(Data items)

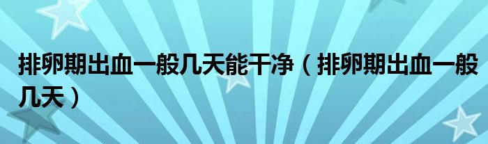 大家好,linda来为大家解答以上的问题。排卵期出血一般几天能干净,排卵期出血一般几天很多人还不知道,现在让我们一起来看看吧!
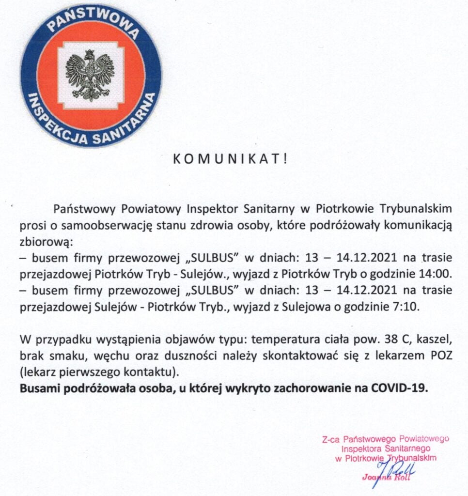 Państwowy Powiatowy Inspektor Sanitarny w Piotrkowie Trybunalskim prosi o samoobserwację stanu zdrowia osoby, które podróżowały komunikacją zbiorową:
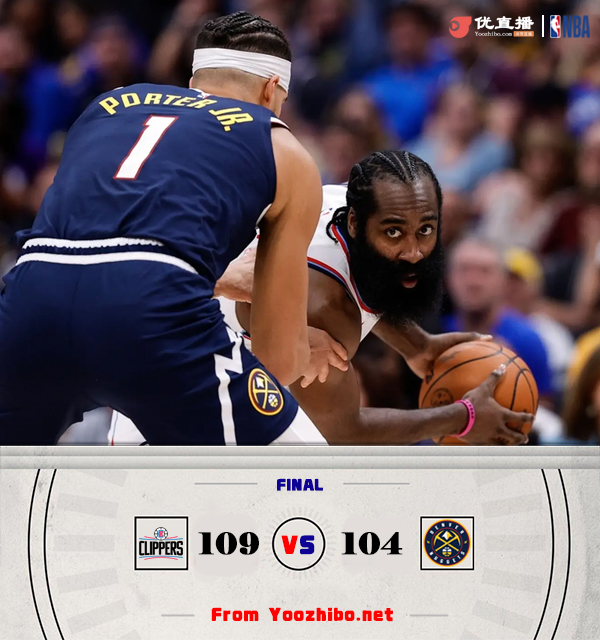 24直播网10月27日讯 NBA常规赛,掘金主场迎战快船,首场比赛两队都吃到了开门黑。比赛开始,快船上来很是慢热,哈登先串联球队首节就送出7助攻,而掘金依然靠约基奇撑起进攻,双方展开拉锯战,哈登外线开和,首节快船领先8分,次节威少接连误攻,快船连续反击一波14-0直接拉开比分,约基奇连续外线发炮,掘金连续4记三分强势回应,半场掘金追到差6分。下半场,穆雷开始接连远投发挥,约基奇上篮一度追平比分,哈登继续喂饼祖巴茨,双方展开拉锯战,布劳恩反击反超比分,三节掘金反超1分,末节约基奇连续外线发炮砍下11分帮助掘金扩大领先,但鲍威尔里突外投连砍15分强势咬住,比赛进入白热化,鲍威尔关键三分再次追平,掘金关键挑战失败哈登两罚领先,约基奇关键追平罚篮丢一个后绝平三分又不进,最终快船109-104险胜掘金,拿到首胜的同时送对手连败。
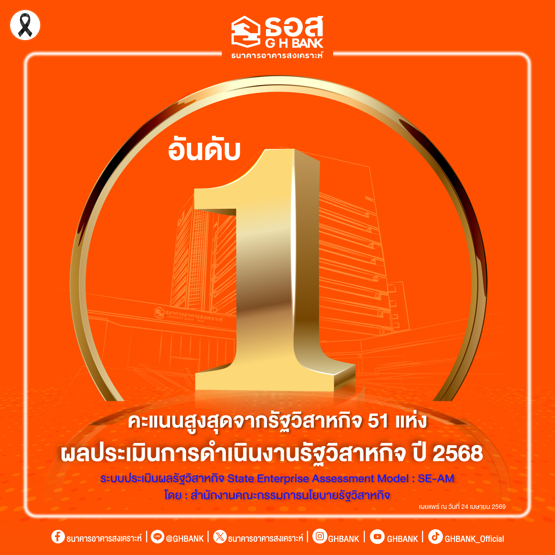 ธอส. คว้าอันดับ 1 ผลประเมินการดำเนินงานรัฐวิสาหกิจ ปี 2568 ด้วยคะแนน 4.5823
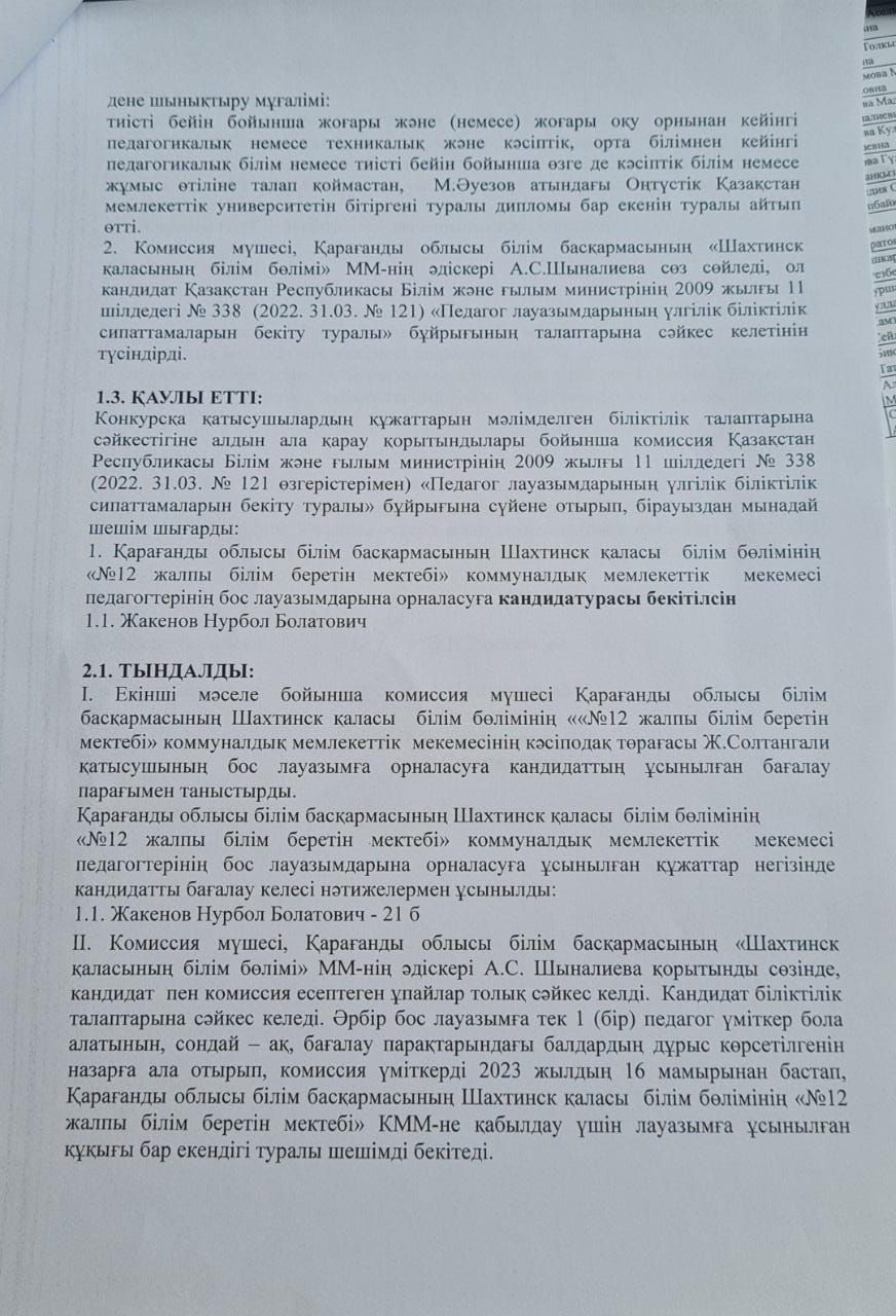 Жұмысқа қабылдау бойынша конкурстың қорытындысы

*WORK REQUIRED*
Excluding all pictures, output exactly the lines from the line containing "Państwowy Powiatowy Inspektor" through the last line of the entries above.

*RESULT BELOW*
 Państwowy Powiatowy Inspektor Sanitarny w Piotrkowie Trybunalskim prosi o samoobserwację stanu zdrowia osoby, które podróżowały komunikacją zbiorową:
 24直播网10月27日讯 NBA常规赛,掘金主场迎战快船,首场比赛两队都吃到了开门黑。比赛开始,快船上来很是慢热,哈登先串联球队首节就送出7助攻,而掘金依然靠约基奇撑起进攻,双方展开拉锯战,哈登外线开和,首节快船领先8分,次节威少接连误攻,快船连续反击一波14-0直接拉开比分,约基奇连续外线发炮,掘金连续4记三分强势回应,半场掘金追到差6分。下半场,穆雷开始接连远投发挥,约基奇上篮一度追平比分,哈登继续喂饼祖巴茨,双方展开拉锯战,布劳恩反击反超比分,三节掘金反超1分,末节约基奇连续外线发炮砍下11分帮助掘金扩大领先,但鲍威尔里突外投连砍15分强势咬住,比赛进入白热化,鲍威尔关键三分再次追平,掘金关键挑战失败哈登两罚领先,约基奇关键追平罚篮丢一个后绝平三分又不进,最终快船109-104险胜掘金,拿到首胜的同时送对手连败。
 ธอส. คว้าอันดับ 1 ผลประเมินการดำเนินงานรัฐวิสาหกิจ ปี 2568 ด้วยคะแนน 4.5823
 Жұмысқа қабылдау бойынша конкурстың қорытындысы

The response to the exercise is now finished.